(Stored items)
BEGIN
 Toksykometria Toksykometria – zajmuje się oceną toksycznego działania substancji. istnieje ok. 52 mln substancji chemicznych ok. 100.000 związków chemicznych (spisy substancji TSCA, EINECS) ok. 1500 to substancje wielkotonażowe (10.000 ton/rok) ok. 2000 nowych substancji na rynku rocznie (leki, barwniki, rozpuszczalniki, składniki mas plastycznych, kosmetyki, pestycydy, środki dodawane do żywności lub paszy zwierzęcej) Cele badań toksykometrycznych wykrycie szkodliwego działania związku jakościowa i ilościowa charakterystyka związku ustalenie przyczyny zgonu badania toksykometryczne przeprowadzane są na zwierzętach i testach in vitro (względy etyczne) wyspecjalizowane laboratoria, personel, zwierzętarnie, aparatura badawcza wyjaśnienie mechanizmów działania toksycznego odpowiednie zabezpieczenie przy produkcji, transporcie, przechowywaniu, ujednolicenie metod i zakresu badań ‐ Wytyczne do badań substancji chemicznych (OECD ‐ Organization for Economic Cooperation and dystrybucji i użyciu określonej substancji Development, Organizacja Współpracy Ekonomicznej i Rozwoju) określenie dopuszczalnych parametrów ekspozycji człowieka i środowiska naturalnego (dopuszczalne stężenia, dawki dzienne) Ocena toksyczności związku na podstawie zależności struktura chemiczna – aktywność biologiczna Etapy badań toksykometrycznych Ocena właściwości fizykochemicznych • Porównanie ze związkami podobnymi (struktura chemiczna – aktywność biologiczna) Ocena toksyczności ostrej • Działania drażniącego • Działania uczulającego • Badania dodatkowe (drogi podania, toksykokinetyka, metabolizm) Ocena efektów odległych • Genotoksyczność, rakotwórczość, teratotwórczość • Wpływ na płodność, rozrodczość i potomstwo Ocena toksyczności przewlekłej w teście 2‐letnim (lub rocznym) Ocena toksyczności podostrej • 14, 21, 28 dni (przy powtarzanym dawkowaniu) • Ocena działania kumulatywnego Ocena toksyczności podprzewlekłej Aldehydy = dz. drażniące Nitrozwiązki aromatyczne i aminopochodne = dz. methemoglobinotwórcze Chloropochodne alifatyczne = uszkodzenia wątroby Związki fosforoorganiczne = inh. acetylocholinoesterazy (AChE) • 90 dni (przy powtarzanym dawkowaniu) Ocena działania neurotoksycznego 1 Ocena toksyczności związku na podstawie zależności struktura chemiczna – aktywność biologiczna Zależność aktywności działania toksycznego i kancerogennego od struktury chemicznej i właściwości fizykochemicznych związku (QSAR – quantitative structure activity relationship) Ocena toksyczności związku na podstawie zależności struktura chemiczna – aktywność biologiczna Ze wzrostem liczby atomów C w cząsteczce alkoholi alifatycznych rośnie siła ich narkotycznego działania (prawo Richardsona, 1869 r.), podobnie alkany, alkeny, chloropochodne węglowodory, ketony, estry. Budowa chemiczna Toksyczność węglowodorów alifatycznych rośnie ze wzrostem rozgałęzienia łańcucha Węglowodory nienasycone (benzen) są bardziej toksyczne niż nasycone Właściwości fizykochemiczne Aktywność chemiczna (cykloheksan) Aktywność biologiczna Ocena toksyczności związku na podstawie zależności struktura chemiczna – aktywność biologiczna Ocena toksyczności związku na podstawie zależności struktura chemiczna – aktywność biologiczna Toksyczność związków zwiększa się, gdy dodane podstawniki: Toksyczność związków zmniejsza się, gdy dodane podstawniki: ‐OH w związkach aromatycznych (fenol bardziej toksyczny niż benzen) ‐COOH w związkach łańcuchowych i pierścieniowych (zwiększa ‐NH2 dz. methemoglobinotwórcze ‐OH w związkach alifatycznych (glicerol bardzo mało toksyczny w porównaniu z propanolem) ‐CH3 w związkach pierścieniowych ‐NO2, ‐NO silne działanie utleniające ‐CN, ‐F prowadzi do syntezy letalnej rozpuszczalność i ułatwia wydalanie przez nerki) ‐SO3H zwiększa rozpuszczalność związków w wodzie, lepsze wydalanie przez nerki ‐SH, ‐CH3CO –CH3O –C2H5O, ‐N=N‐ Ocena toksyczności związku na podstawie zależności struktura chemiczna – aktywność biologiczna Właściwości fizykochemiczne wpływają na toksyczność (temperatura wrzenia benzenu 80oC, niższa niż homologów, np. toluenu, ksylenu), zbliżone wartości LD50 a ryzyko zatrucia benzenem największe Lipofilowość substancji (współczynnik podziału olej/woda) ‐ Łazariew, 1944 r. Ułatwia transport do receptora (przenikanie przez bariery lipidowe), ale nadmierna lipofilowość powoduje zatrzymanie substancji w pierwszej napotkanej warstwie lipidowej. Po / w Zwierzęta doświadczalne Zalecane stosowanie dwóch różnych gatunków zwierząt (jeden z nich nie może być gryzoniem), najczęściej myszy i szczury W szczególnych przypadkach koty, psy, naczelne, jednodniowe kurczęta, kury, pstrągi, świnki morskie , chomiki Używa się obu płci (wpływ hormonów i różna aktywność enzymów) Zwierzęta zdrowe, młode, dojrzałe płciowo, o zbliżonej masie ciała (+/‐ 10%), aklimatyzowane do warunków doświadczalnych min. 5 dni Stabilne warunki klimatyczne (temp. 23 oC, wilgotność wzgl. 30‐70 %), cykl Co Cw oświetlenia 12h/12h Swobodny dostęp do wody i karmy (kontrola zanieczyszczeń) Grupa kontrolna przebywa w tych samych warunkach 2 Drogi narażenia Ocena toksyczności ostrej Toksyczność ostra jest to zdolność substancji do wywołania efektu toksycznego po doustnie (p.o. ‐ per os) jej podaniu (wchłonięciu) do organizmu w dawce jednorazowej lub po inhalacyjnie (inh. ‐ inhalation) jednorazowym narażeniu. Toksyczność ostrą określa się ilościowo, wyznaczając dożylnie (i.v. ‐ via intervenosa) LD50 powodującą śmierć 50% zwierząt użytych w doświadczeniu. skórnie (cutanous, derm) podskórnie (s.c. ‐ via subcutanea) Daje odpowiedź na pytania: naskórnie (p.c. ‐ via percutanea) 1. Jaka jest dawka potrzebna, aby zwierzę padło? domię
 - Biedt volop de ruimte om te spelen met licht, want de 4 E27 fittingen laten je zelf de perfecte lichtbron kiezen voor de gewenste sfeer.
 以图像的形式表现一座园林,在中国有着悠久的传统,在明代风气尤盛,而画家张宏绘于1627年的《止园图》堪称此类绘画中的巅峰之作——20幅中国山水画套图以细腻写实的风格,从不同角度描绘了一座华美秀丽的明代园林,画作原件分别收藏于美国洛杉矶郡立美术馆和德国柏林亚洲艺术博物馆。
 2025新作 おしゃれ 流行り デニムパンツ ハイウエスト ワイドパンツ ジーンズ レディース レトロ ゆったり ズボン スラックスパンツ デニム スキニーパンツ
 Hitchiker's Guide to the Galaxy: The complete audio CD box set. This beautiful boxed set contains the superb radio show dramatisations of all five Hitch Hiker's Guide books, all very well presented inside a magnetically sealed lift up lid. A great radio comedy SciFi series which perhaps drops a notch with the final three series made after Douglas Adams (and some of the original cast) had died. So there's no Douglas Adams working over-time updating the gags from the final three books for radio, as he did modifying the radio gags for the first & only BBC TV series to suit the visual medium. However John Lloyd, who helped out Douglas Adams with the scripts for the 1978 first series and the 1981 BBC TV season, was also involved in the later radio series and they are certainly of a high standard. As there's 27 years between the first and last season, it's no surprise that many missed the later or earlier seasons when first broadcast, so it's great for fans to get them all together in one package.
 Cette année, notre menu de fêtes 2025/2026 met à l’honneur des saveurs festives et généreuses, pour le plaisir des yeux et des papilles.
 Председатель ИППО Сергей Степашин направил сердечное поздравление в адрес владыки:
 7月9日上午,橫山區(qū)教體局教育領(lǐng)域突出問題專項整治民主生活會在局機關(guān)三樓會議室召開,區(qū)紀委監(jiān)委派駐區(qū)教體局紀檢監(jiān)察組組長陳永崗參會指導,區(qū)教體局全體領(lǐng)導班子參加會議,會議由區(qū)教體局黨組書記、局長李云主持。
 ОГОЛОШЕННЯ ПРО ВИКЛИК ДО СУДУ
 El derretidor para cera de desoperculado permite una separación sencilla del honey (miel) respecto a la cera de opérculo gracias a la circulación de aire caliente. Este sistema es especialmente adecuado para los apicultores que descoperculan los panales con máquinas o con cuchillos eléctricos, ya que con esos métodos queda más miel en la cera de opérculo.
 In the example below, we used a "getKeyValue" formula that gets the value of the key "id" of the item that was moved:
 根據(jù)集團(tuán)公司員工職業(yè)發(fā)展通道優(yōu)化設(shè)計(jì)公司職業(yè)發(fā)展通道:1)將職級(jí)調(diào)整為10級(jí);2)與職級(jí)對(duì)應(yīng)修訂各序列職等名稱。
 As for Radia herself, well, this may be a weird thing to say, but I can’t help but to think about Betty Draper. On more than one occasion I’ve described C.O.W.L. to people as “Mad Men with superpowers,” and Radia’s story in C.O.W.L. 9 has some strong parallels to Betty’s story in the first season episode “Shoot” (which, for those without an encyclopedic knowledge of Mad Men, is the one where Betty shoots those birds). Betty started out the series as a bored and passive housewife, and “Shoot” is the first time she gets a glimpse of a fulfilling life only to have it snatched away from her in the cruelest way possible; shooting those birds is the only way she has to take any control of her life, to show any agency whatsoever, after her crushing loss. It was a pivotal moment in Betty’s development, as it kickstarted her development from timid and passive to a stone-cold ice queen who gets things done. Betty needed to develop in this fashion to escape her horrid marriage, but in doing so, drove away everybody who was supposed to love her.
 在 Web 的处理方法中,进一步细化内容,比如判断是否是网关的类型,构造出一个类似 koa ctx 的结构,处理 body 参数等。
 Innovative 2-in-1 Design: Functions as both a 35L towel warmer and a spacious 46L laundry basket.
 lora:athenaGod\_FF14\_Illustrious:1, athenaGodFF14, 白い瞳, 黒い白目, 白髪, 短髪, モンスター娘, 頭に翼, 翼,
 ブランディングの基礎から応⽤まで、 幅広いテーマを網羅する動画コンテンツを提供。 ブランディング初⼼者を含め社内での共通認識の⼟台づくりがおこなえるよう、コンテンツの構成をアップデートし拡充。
END
**Exercise**
Copy out only the lines above from the one with "Hitchiker's Guide to" to the one with "Cette année, notre", inclusive, exactly as they stand.

**Answer to this task**
 Hitchiker's Guide to the Galaxy: The complete audio CD box set. This beautiful boxed set contains the superb radio show dramatisations of all five Hitch Hiker's Guide books, all very well presented inside a magnetically sealed lift up lid. A great radio comedy SciFi series which perhaps drops a notch with the final three series made after Douglas Adams (and some of the original cast) had died. So there's no Douglas Adams working over-time updating the gags from the final three books for radio, as he did modifying the radio gags for the first & only BBC TV series to suit the visual medium. However John Lloyd, who helped out Douglas Adams with the scripts for the 1978 first series and the 1981 BBC TV season, was also involved in the later radio series and they are certainly of a high standard. As there's 27 years between the first and last season, it's no surprise that many missed the later or earlier seasons when first broadcast, so it's great for fans to get them all together in one package.
 Cette année, notre menu de fêtes 2025/2026 met à l’honneur des saveurs festives et généreuses, pour le plaisir des yeux et des papilles.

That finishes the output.